# What you should do
The required output is the lines of the listing from the beginning through the line containing "現(xiàn)在 你在起點 家在終點", each copied exactly, without any pictures.

# Working data
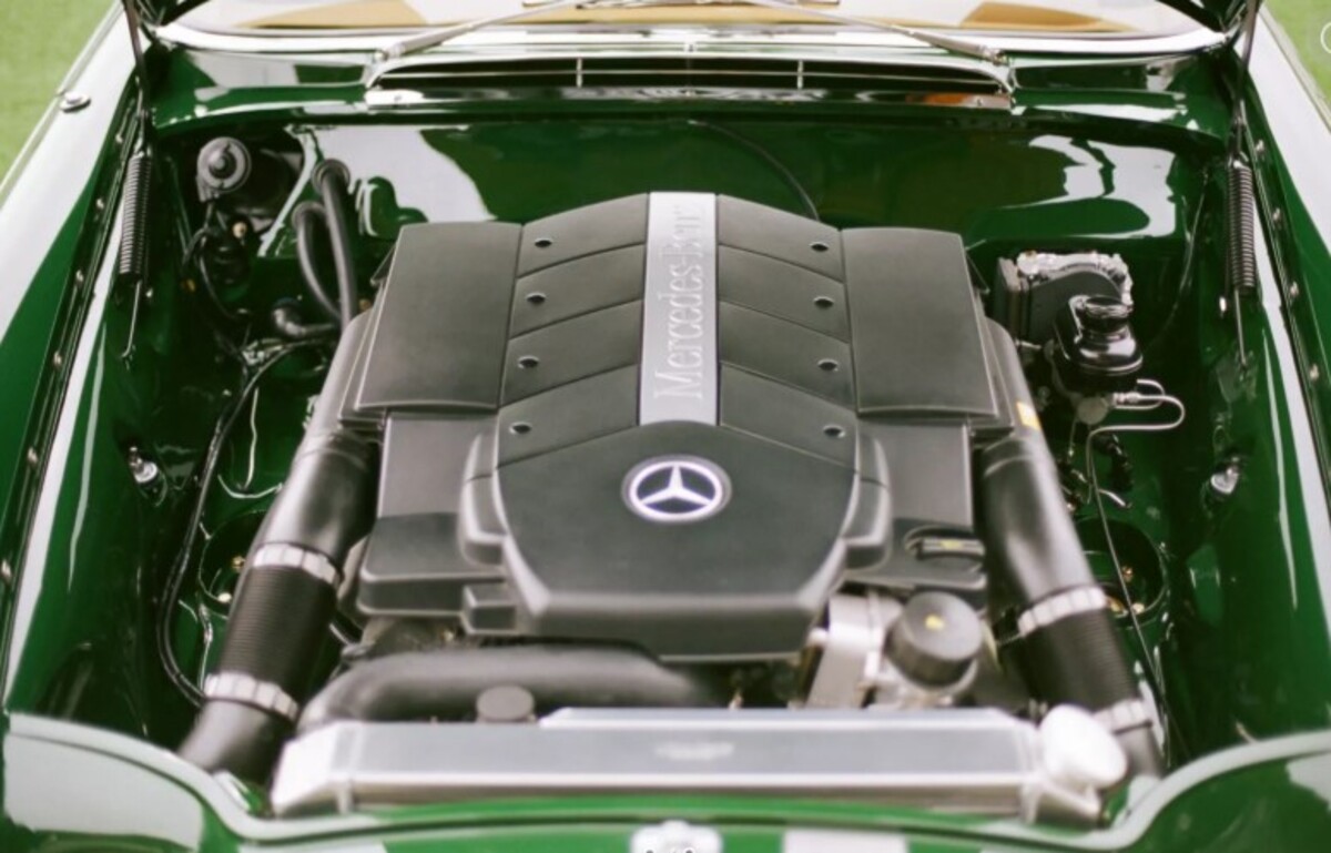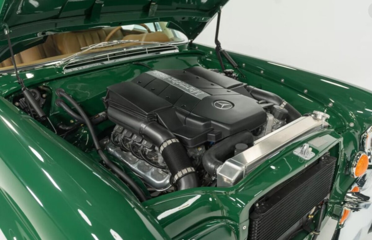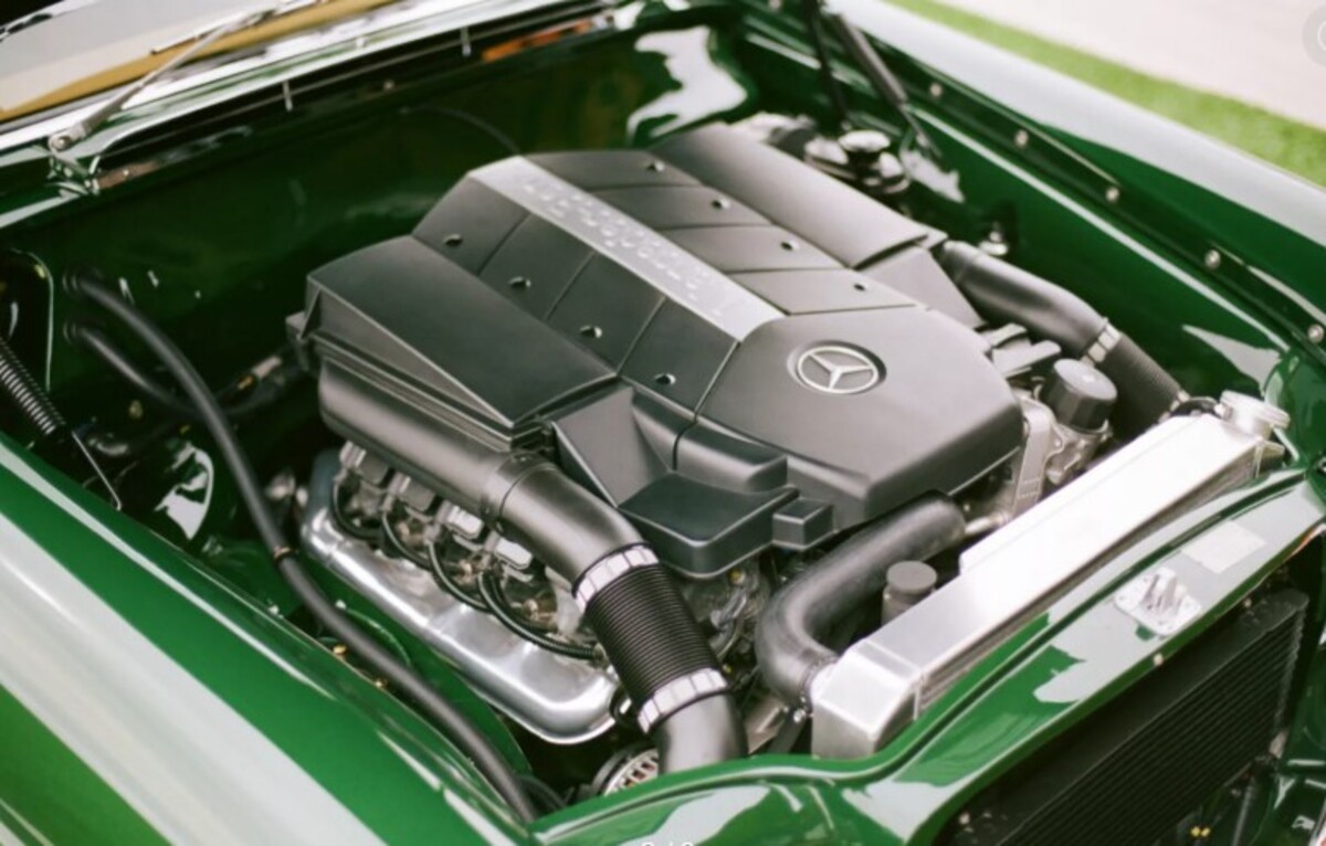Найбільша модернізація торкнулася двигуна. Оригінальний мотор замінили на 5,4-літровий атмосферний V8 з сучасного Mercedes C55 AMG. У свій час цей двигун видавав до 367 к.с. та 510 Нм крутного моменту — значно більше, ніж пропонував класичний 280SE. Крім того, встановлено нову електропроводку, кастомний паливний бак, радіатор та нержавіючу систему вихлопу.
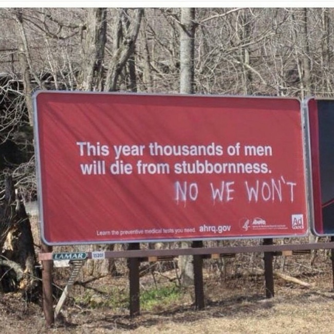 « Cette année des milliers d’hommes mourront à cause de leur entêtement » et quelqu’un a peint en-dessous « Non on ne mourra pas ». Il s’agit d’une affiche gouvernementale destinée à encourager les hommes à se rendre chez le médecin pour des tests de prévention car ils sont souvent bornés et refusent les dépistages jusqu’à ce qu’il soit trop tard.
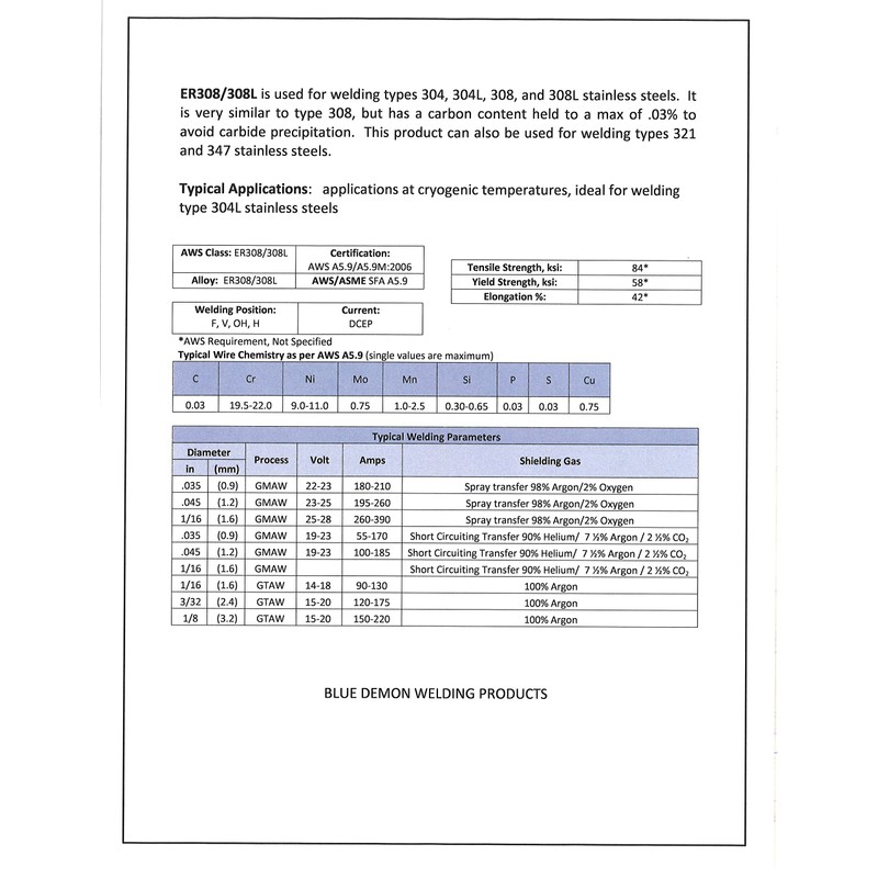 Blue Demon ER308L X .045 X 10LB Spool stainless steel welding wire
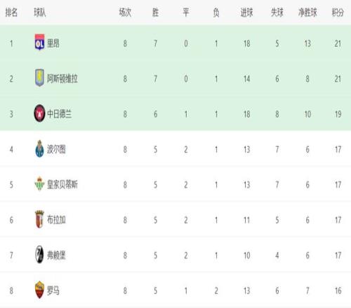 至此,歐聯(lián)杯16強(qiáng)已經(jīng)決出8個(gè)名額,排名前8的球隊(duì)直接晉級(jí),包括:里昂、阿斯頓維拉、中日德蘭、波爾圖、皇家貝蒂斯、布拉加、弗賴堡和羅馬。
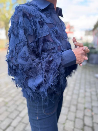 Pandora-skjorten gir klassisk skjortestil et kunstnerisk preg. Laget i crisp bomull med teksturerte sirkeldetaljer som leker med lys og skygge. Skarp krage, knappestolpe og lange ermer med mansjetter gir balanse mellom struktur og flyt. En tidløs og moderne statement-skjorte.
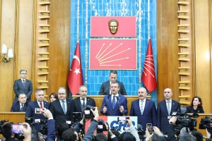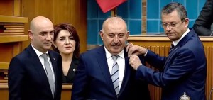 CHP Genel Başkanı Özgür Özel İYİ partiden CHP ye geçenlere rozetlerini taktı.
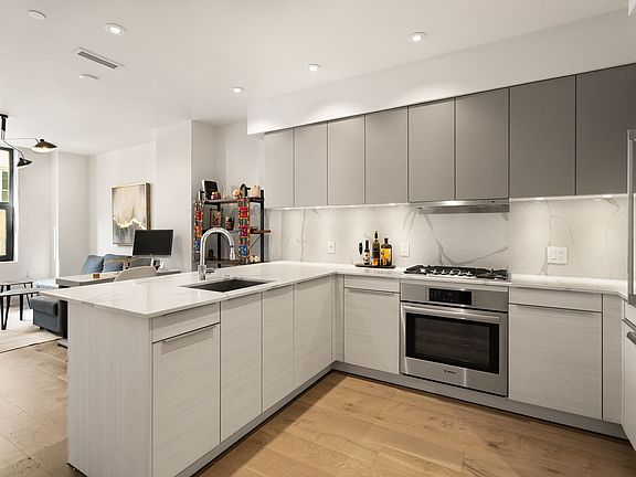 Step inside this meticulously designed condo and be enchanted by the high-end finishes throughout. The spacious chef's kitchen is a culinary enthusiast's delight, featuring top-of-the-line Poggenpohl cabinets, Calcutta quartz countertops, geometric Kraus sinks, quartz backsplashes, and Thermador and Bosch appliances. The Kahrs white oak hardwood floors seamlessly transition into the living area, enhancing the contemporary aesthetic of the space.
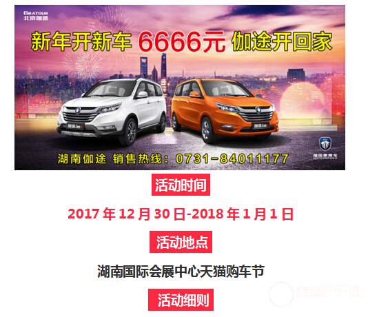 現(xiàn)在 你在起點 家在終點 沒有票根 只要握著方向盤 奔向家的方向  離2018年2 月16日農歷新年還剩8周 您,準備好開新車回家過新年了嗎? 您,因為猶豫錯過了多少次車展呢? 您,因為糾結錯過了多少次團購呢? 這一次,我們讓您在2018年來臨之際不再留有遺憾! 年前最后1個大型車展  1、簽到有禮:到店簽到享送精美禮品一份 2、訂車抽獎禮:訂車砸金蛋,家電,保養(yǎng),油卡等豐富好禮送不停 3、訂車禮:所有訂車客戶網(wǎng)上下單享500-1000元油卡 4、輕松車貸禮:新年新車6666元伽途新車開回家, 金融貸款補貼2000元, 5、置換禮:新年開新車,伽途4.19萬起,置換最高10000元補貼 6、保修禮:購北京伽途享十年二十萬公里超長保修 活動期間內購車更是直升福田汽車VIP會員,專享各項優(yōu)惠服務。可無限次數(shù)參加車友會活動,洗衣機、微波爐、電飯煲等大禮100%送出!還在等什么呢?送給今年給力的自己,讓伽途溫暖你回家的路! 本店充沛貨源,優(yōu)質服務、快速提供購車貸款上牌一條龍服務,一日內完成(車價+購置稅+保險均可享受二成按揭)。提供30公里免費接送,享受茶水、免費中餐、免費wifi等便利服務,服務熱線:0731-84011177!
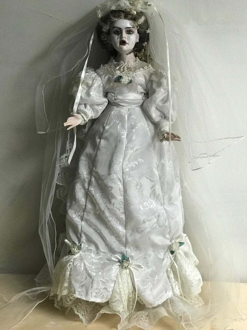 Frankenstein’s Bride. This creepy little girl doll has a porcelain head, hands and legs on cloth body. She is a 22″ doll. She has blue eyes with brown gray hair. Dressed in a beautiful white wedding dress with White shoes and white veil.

# Response to this exercise
Найбільша модернізація торкнулася двигуна. Оригінальний мотор замінили на 5,4-літровий атмосферний V8 з сучасного Mercedes C55 AMG. У свій час цей двигун видавав до 367 к.с. та 510 Нм крутного моменту — значно більше, ніж пропонував класичний 280SE. Крім того, встановлено нову електропроводку, кастомний паливний бак, радіатор та нержавіючу систему вихлопу.
 « Cette année des milliers d’hommes mourront à cause de leur entêtement » et quelqu’un a peint en-dessous « Non on ne mourra pas ». Il s’agit d’une affiche gouvernementale destinée à encourager les hommes à se rendre chez le médecin pour des tests de prévention car ils sont souvent bornés et refusent les dépistages jusqu’à ce qu’il soit trop tard.
 Blue Demon ER308L X .045 X 10LB Spool stainless steel welding wire
 至此,歐聯(lián)杯16強(qiáng)已經(jīng)決出8個(gè)名額,排名前8的球隊(duì)直接晉級(jí),包括:里昂、阿斯頓維拉、中日德蘭、波爾圖、皇家貝蒂斯、布拉加、弗賴堡和羅馬。
 Pandora-skjorten gir klassisk skjortestil et kunstnerisk preg. Laget i crisp bomull med teksturerte sirkeldetaljer som leker med lys og skygge. Skarp krage, knappestolpe og lange ermer med mansjetter gir balanse mellom struktur og flyt. En tidløs og moderne statement-skjorte.
 CHP Genel Başkanı Özgür Özel İYİ partiden CHP ye geçenlere rozetlerini taktı.
 Step inside this meticulously designed condo and be enchanted by the high-end finishes throughout. The spacious chef's kitchen is a culinary enthusiast's delight, featuring top-of-the-line Poggenpohl cabinets, Calcutta quartz countertops, geometric Kraus sinks, quartz backsplashes, and Thermador and Bosch appliances. The Kahrs white oak hardwood floors seamlessly transition into the living area, enhancing the contemporary aesthetic of the space.
 現(xiàn)在 你在起點 家在終點 沒有票根 只要握著方向盤 奔向家的方向  離2018年2 月16日農歷新年還剩8周 您,準備好開新車回家過新年了嗎? 您,因為猶豫錯過了多少次車展呢? 您,因為糾結錯過了多少次團購呢? 這一次,我們讓您在2018年來臨之際不再留有遺憾! 年前最后1個大型車展  1、簽到有禮:到店簽到享送精美禮品一份 2、訂車抽獎禮:訂車砸金蛋,家電,保養(yǎng),油卡等豐富好禮送不停 3、訂車禮:所有訂車客戶網(wǎng)上下單享500-1000元油卡 4、輕松車貸禮:新年新車6666元伽途新車開回家, 金融貸款補貼2000元, 5、置換禮:新年開新車,伽途4.19萬起,置換最高10000元補貼 6、保修禮:購北京伽途享十年二十萬公里超長保修 活動期間內購車更是直升福田汽車VIP會員,專享各項優(yōu)惠服務。可無限次數(shù)參加車友會活動,洗衣機、微波爐、電飯煲等大禮100%送出!還在等什么呢?送給今年給力的自己,讓伽途溫暖你回家的路! 本店充沛貨源,優(yōu)質服務、快速提供購車貸款上牌一條龍服務,一日內完成(車價+購置稅+保險均可享受二成按揭)。提供30公里免費接送,享受茶水、免費中餐、免費wifi等便利服務,服務熱線:0731-84011177!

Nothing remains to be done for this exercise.